Sometimes my brain makes really great connections–coherent thoughts so good they startle me out of whatever I’m doing. Have you seen House? It’s like that. And possibly just as obnoxious.

The topic of this blog post was one of those OMG I AM HAVING A THOUGHT moments.
So I was reading “The Superior Half of Speaking”: An Introduction, and I got to this sentence: “They understand, that is, how plenty of what is vexing about autism would not be so were society arranged differently.”

I studied International Relations for five and a half years of my life before crashing and burning. I have a BA and a GD in the subject, and while I found most of the theoretical stuff to be too abstract (or maybe just too abstract, too quickly–as Kit would surely point out, I can and do grasp philosophy when its presented patiently, repeatedly, and in terms I am familiar with), I really latched onto a single theoretical model and still like it a lot. I was a proud Constructivist, and the only one in either university, as far as I know.

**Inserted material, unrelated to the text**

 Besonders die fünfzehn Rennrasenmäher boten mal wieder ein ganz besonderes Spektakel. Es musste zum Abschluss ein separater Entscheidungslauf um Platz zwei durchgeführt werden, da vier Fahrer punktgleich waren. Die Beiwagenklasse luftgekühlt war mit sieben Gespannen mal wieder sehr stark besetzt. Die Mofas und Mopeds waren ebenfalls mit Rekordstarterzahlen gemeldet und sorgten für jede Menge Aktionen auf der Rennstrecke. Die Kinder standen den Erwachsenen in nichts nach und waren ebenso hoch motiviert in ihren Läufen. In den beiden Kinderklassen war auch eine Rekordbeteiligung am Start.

“Constructivism” exists in a lot of disciplines, but I’m only super familiar with the political model. Basically, Constructivist thinking holds that the international political system is a self-perpetuating entity. The political systems we have are what they are because every time a nation makes a political move on the world stage, they reinforce their place in the picture. If you believe strongly as a political leader in open borders, or fair trade, or isolationism, or completely unobstructed free trade, you can’t wait for other countries to make the same emotional decision. By declaring your country to hold any given ideal, you inherently change the system of nations and your importance in that system. It’s fancy political speak, really, for “be the change you want to see” (I think Obama is a secret Constructivist, or at least his slogan-making people are). My Master’s dissertation, should it ever arise, was originally going to be on Constructivism and shared language leading to the perpetuation of shared political ideology. This is a topic I’ve read about, thought about, ruminated about extensively–information that my internal wikipedia can pull from without my even noticing.

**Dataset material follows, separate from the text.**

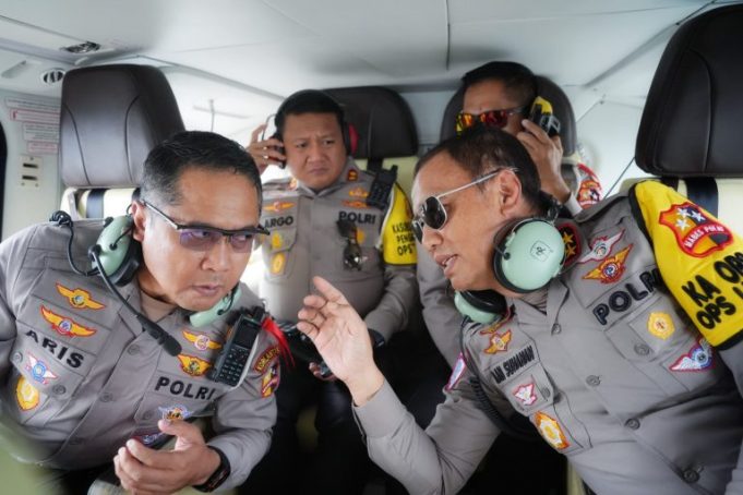 Cikampek, JAWA BARAT – Maspolin.id|| Kepala Korps Lalu Lintas (Kakorlantas) Polri Irjen Pol Aan Suhanan, didampingi Kabag Ops Korlantas Polri Kombes Pol Aries Syahbudin, melakukan patroli udara untuk memantau pergerakan arus lalu lintas pada arus balik libur Natal 2024 dan Tahun Baru 2025, Rabu (1/1/2025).

So I read that line (again: “They understand, that is, how plenty of what is vexing about autism would not be so were society arranged differently.”) and suddenly I had A Thought:

Neurodiversity and the Social Disability Model appeal to me because they are Constructivist concepts.

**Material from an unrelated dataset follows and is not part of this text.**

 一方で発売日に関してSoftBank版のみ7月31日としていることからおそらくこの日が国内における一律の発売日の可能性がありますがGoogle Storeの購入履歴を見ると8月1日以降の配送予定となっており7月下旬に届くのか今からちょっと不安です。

The idea that disability is inherent in society, not the person, is meaningful to me emotionally (I don’t feel particularly disabled), but it also appeals to me intellectually. I am part of a broad spectrum of people, and my particular band of wavelengths is called autism (actually, I see the whole of neurodiversity as a 3-d Venn diagram, but I’m not sure how to translate that into words and haven’t found materials to create it visually yet). The idea that my group does not create the power structure because it is not dominant, so my group’s needs are seen as extraordinary or disabling, is an idea I can understand through my experience as a political Constructivist and translate into understanding in disability studies. Before, I was approaching disability studies as an unknown field, full of unknown ideas and language and concepts that (while I’d certainly get them eventually) were anxiety-provoking because they would be theoretical to me. Now I feel like I have an “in” and I guess I need to see if either Sydney or Melbourne offer a disability studies program, or would be willing to partner with another local university (I know LaTrobe has an autism research centre, so maybe they’d be a good place to look) to do a combined PhD/MD. Pursuing a combo–this specific combo–would make me be a better autism advocate and, I think, researcher. I think it would also make me more qualified to be a professor of the occasional class.

I didn’t really need to complicate this career/educational goal of a simple MD, but I think this might be even better.